Ok, this is a very important detail. Data pipelines that don’t change the chunk structure and are suitably local to each chunk are “embarrassingly parallel”. There are many task execution frameworks that would probably handle this well, and it would be great if Dask got better at these very large but relatively simple transformations.
This is a choice you can make in your algorithm. In your approach (“push”), you would loop over files, reading each one only once and potentially writing to multiple target chunks. You would have to worry about write locks or else face potential data corruption from asynchronous writes. Alternatively, for a “pull” approach, you would write each target chunk out only once, but potentially may have to read your input files over and over many times. As you said, especially on cloud, the concurrent reads should perform just fine.

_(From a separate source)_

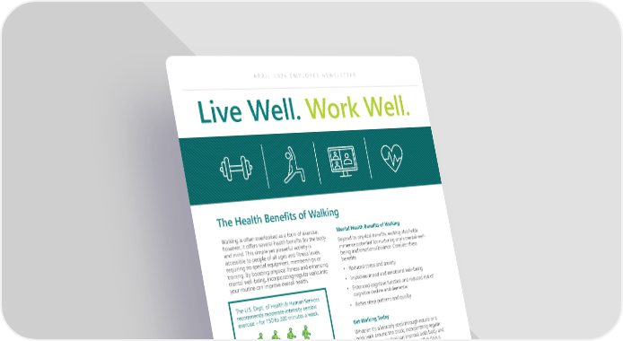 APRIL 2024 EMPLOYEE NEWSLETTER Live Well. Work Well. The Health Benefits of Walking Walking is often overlooked as a form of exercise; Mental Health Benefits of Walking however, it offers several health benefits for the body Beyond its physical benefits, walking also holds and mind. This simple yet powerful activity is immense potential for nurturing one’s mental well- accessible to people of all ages and fitness levels, being and emotional balance. Consider these requiring no special equipment, memberships or benefits: training. By boosting physical fitness and enhancing • Reduced stress and anxiety mental well-being, incorporating regular walks into your routine can improve overall health. • Improved mood and emotional well-being The U.S. Dept. of Health & Human Services • Enhanced cognitive function and reduced risk of recommends moderate-intensity aerobic cognitive decline and dementia exercise – for 150 to 300 minutes a week. • Better sleep patterns and quality Get Walking Today Whether it’s a leisurely stroll through nature or a brisk walk around the block, incorporating regular walks into your routine can improve both body and Physical Health Benefits of Walking mind. Walking for 30 minutes at least five days a Walking is a natural, low-impact form of exercise that week is a great way to improve or maintain your can yield notable improvements in physical fitness. overall health and well-being. Simply putting one foot in front of the other can While brisk walking is safe for most people, it’s still unlock a myriad of benefits for your body, including: important to talk to your doctor before you start an • Increased cardiovascular health (e.g., lower blood exercise program. pressure and cholesterol levels) • Improved respiratory health • Strengthened muscles and joints • Boosted immune function • Weight management support • Reduced risk of developing conditions such as heart disease, Type 2 diabetes, osteoporosis and some cancers
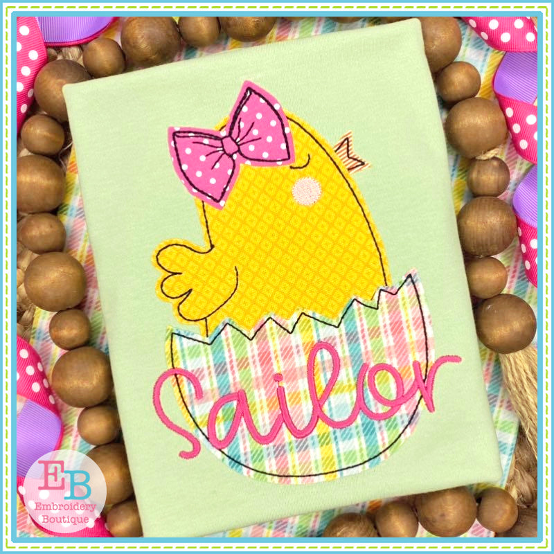 Chick Bow Egg Bean Stitch Applique

For large, “full-shuffle” style rechunking, you’re likely to hit memory limits with an embarrassingly parallel approach. Some more computational complexity–either task dependencies or temporary storage–is likely required.
A Proposal
This problem is driving me crazy. I would say I have thought about it most nights as I try to fall asleep for the past year or longer. The worst part about this is that it’s not even an interesting problem. It’s a straightforward problem in blocked linear algebra for which an optimal algorithm, given i/o and memory limitations, is likely already known to computer science. Or it’s a problem that a student in the right sub-field would be able to solve very quickly, in terms of algorithm design. However, it can perhaps be made interesting by combining with a modern, asynchronous, serverless parallel execution framework.
We should collaborate with a computer scientist to solve this problem well. The end result should be a simple utility than can rechunk any dataset and, given a scheduler, execute the operation. We will be able to write a paper about how well our algorithm scales, and we will get a very useful tool out of the process.
As a CLI, it might look like
zarr_rechunk --from gs://bucket/group/array1 --to gs://bucket/group/array2 --target-chunks (-1, 1000, 2000)
I would love to investigate pywren / numpywren as en execution framework, as it would enable us to do things in a truly serverless way, using aws lambda / cloud functions.
(also numpywren)
If there are any computer scientists out there who find this problem compelling, please help us!